Re: initdb error - Mailing list pgsql-general

From Tom Lane
Subject Re: initdb error
Date
Msg-id 5638.1355516066@sss.pgh.pa.us
Whole thread Raw
In response to Re: initdb error  (David Noel <david.i.noel@gmail.com>)
Responses Re: initdb error
List pgsql-general
David Noel <david.i.noel@gmail.com> writes:
> On 12/14/12, Tom Lane <tgl@sss.pgh.pa.us> wrote:
>> This corresponds to the execution of XLogFileInit(), and what's
>> evidently happening is that we successfully create and zero-fill
>> the first xlog segment file under a temporary name, but then
>> the attempt to rename it into place with link() fails with EPERM.
>>
>> This is really a WTF kind of failure, I think.  The directory is
>> certainly writable --- it was made under our own UID, and what's
>> more we just managed to create the file there under its temp name.
>> So how can we get an EPERM failure from link()?
>>
>> I think this is a kernel bug.

> Thanks so much for the analysis. Where to from here? The
> freebsd-database@freebsd.org mailing list? The postgresql port
> maintainer? Who should I be in touch with?

You need to talk to some FreeBSD kernel hackers about why link()
might be failing here.  Since you see it on UFS too, we can probably
exonerate the ZFS filesystem-specific code.

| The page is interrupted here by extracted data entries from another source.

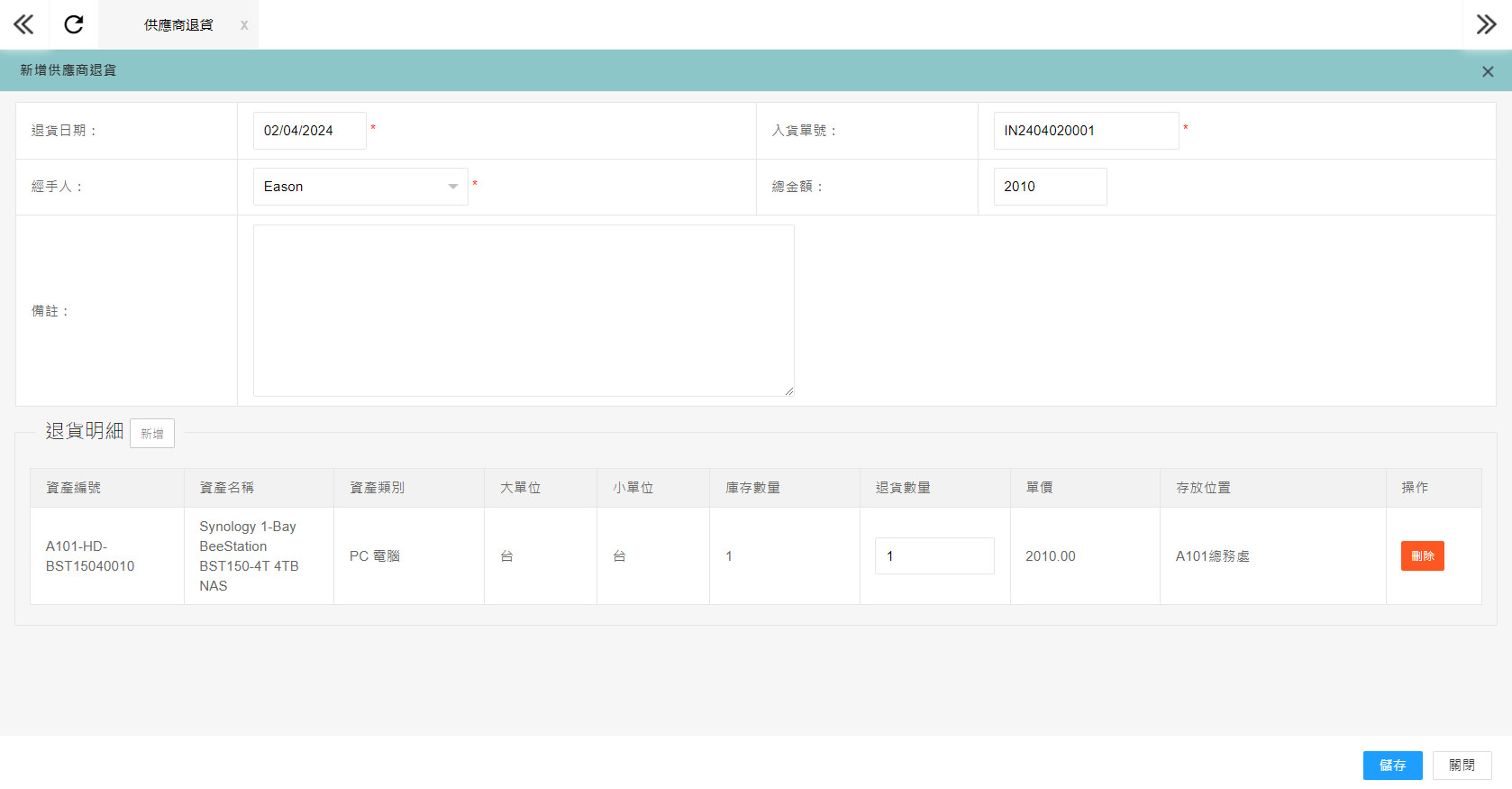 輸入物品資料 - 系統生成物品編碼 - 列印標籤 - 將標籤貼上物品上 - 掃瞄一次物品以確認物品入庫位置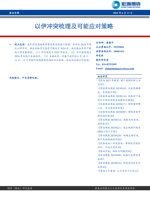 【宏源期货】【20250613】原油专题_以伊冲突梳理及可能应对策略-10页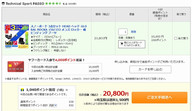 そこで、Yahooショッピングをチェックした所、めっちゃ格安スノボセットが3点(ボード・ブーツ・金具)で約2万円という格安さ。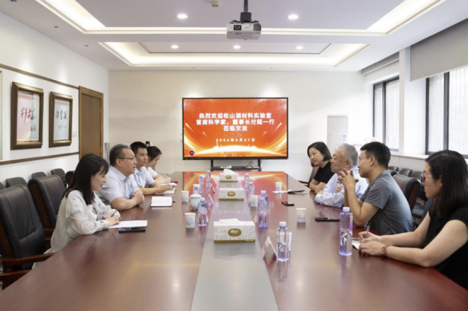 5月27日,鬆山湖材料實驗室首席科學家、董事長付超一行到訪中國冶金報社,與中國鋼鐵工業協會副秘書長,中國冶金報社黨委書記、社長範鐵軍就鋼鐵行業發展前景、產業技術協同創新,推進成果轉化,促進行業高質量發展等方麵進行了座談交流。
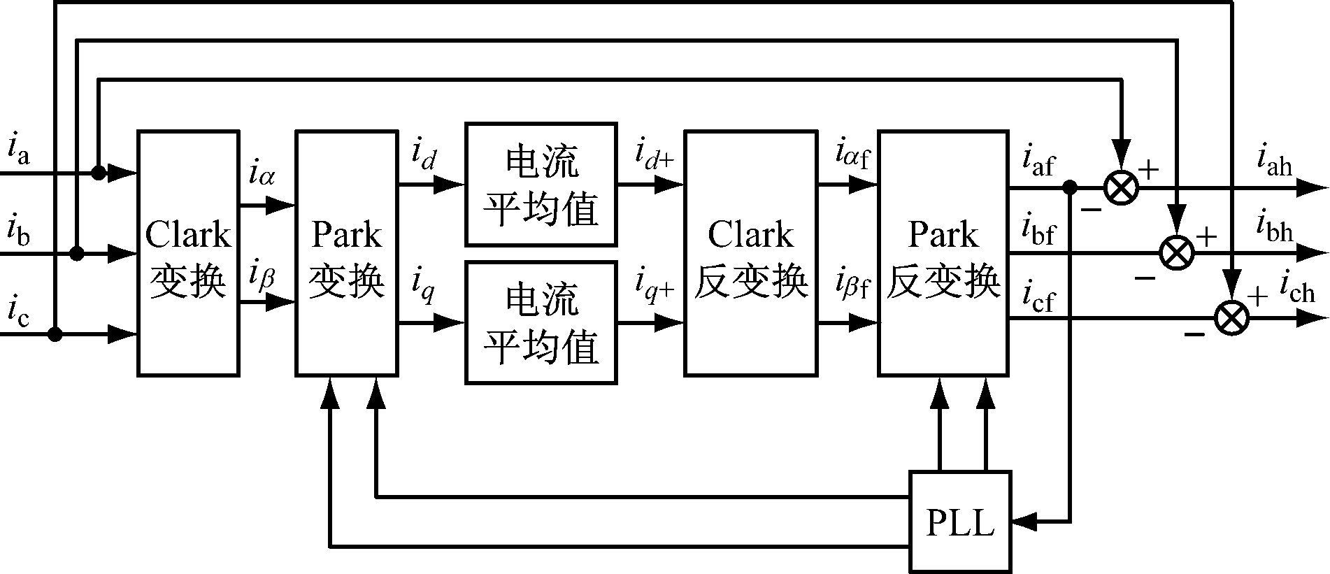 所得到的瞬时有功及无功电流通过低通波器可将其中的谐波分量分离出来,从而得到基波正序电流有功分量ip+和无功分量iq+。再将其分别经过Clark及Park逆变换,得到三相基波电流,其中分别含有有功及无功分量。其中基波正序电流有功分量为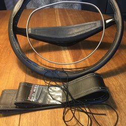 Nytillverkat rattöverdrag i äkta beige skinn.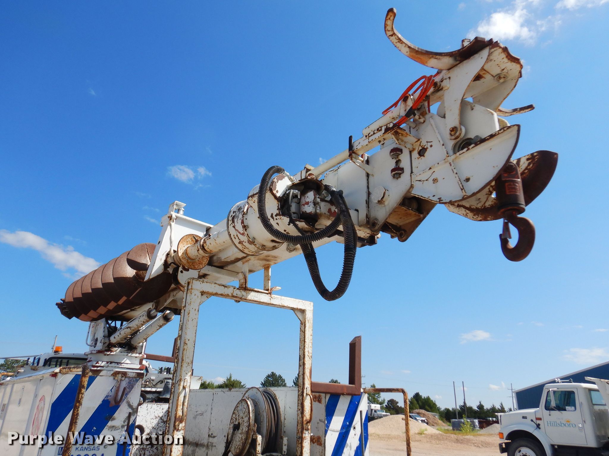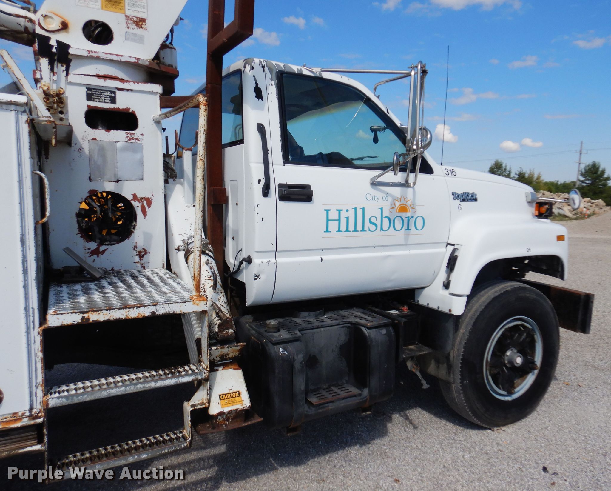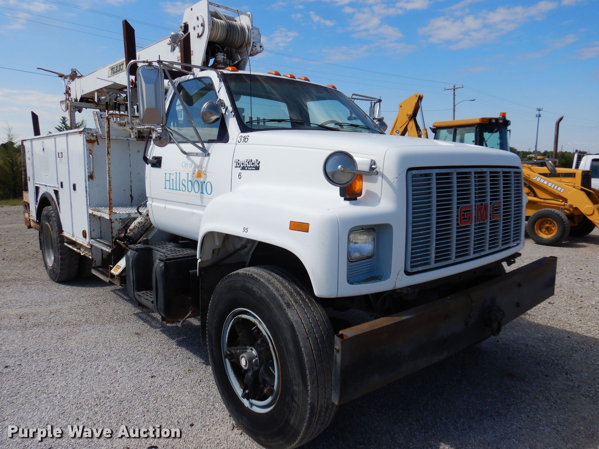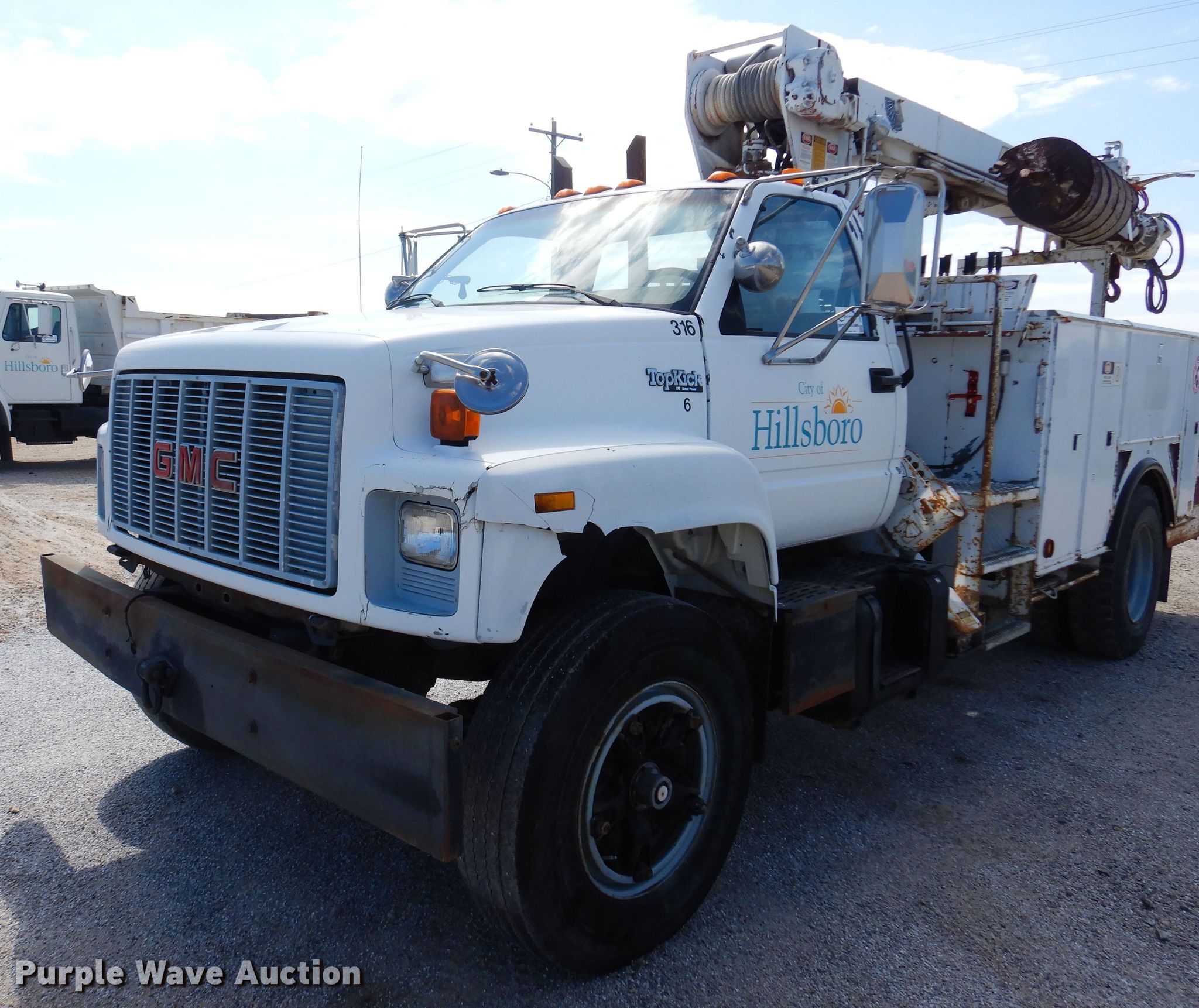 1991 GMC TopKick C6500 digger derrick truck. Miles: 71,878 on odometer, VIN: 1GDM7H1J6MJ508147. Engine Cylinders: 6, Fuel type: Diesel. Transmission Automatic. Chassis Axles: Single, Suspension: Spring, Brakes: Air. Interior Heat. Operational Bed 11' 4" L x 92" W, Boom Simon-Telelect Commander 4500, Serial: 1198-45DY, Maximum lift capacity: 21,600 lbs, Maximum lift height: 4,500', Boom controls Ground, Pole guide, Auger Diameter: 16".. Tires Size: 11R22.5. Notes Partial barrel of Mobile DTE11M hydraulic luid, No batteries, Hydraulic leaks. Kansas title. Mileage has not been verified. Exempt will be written in the odometer disclosure on the title. City of Hillsboro. Hillsboro, KS 67063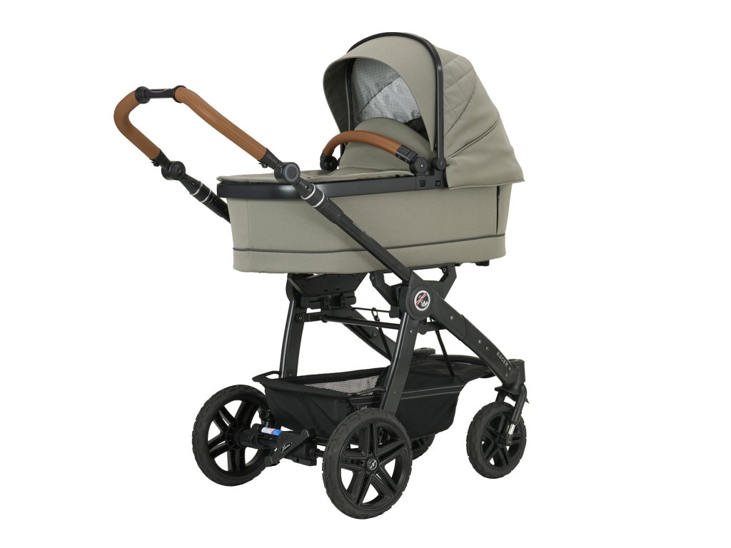 Nastavitelná a prodloužitelná opěrka nohou se flexibilně přizpůsobí růstu Vašeho dítěte. Výškově nastavitelná rukojeť se snadno přizpůsobí Vaší výšce a zajistí příjemné, ergonomické vedení kočárku.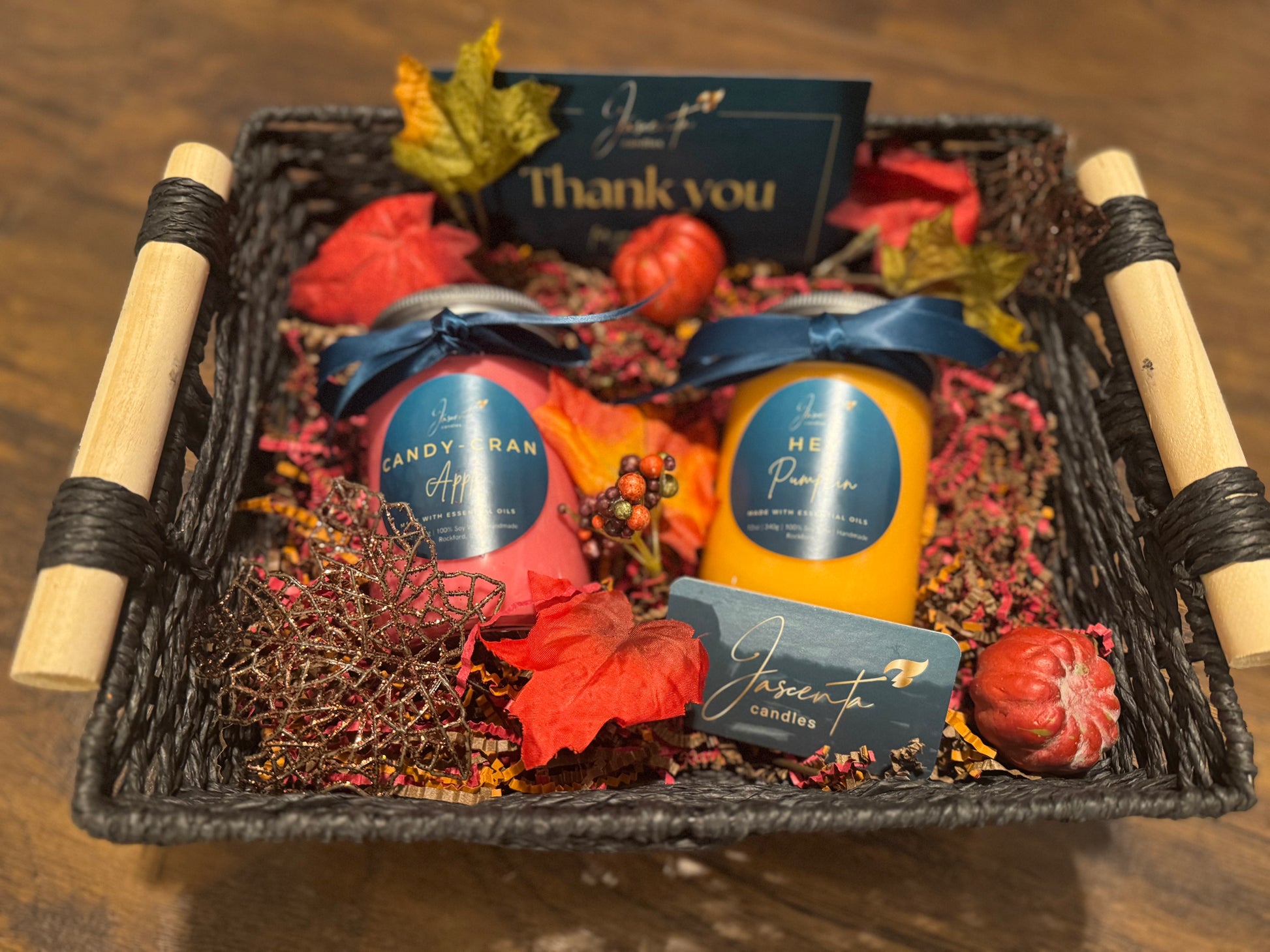 The basket includes one 12oz mason jar candle, one vessel candle, one wax melt, and one 4oz tin candle.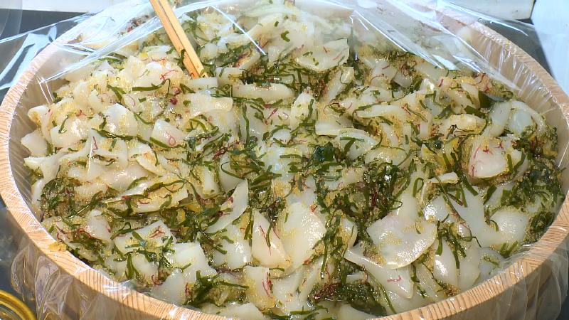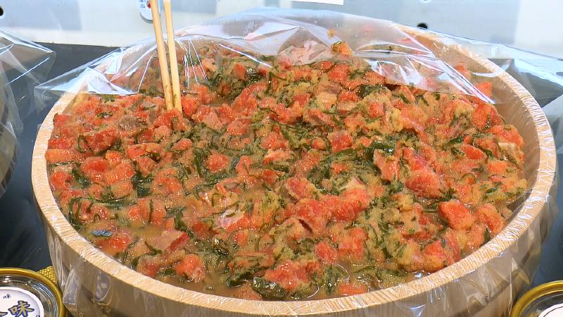 サケの松前漬け「王様の紅鮭(90g・1000円)」は生のサケを使った一番人気の商品です。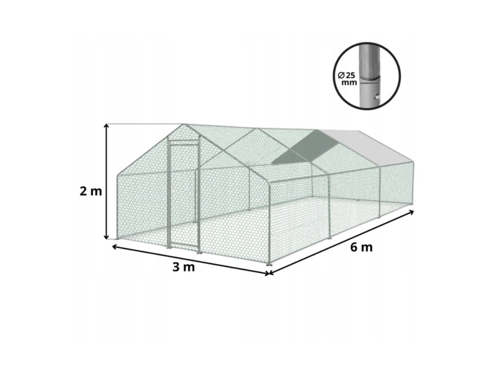 Priestranný pôdorys 3 × 6 m a výška 2 m ponúkajú dostatok miesta na voľný pohyb, čím sa podporuje fyzická aktivita a celková pohoda zvierat. Plachta zabraňuje prehrievaniu interiéru a vytvára príjemné vnútorné podmienky počas celého roka. Výbeh je vhodný nielen pre kurčatá, ale aj pre králiky, kačky či iné malé zvieratá.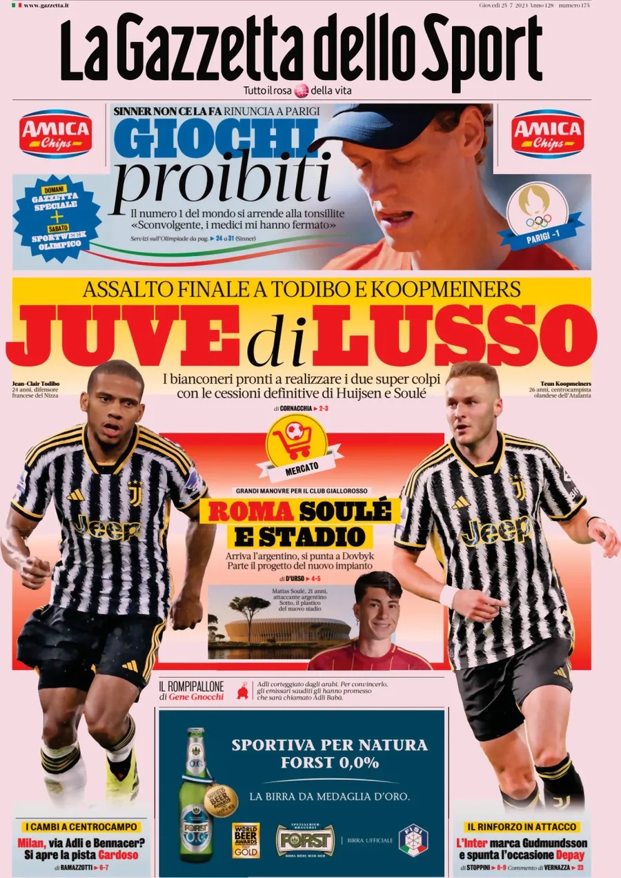 Le prime pagine sportive nazionali – 25 luglio - Calcio News 24

I did some googling and found that EPERM can be issued if the filesystem
doesn't support hard links (which shouldn't apply to ZFS I trust).
Also, Linux has a "protected_hardlinks" option that causes certain
attempts at creating hard links to fail --- but our use-case here
doesn't fall foul of any of those restrictions AFAICS, and of course
FreeBSD isn't Linux.  Still, I wonder if you're running into some
misdesigned or misimplemented security restriction.  You might want
to look at your kernel parameters and see if any of them look like
they might have to do with restricting hard-link operations.

Also, since Amitabh failed to duplicate the failure on both earlier
and later FreeBSD kernels, and we've not heard reports of this from
anybody else either, it seems more than possible that it's a plain
old bug in the specific kernel version you're using.

As a short-term workaround, I'd suggest rebuilding with
HAVE_WORKING_LINK disabled.  (Just remove that #define from
src/include/pg_config_manual.h and rebuild.)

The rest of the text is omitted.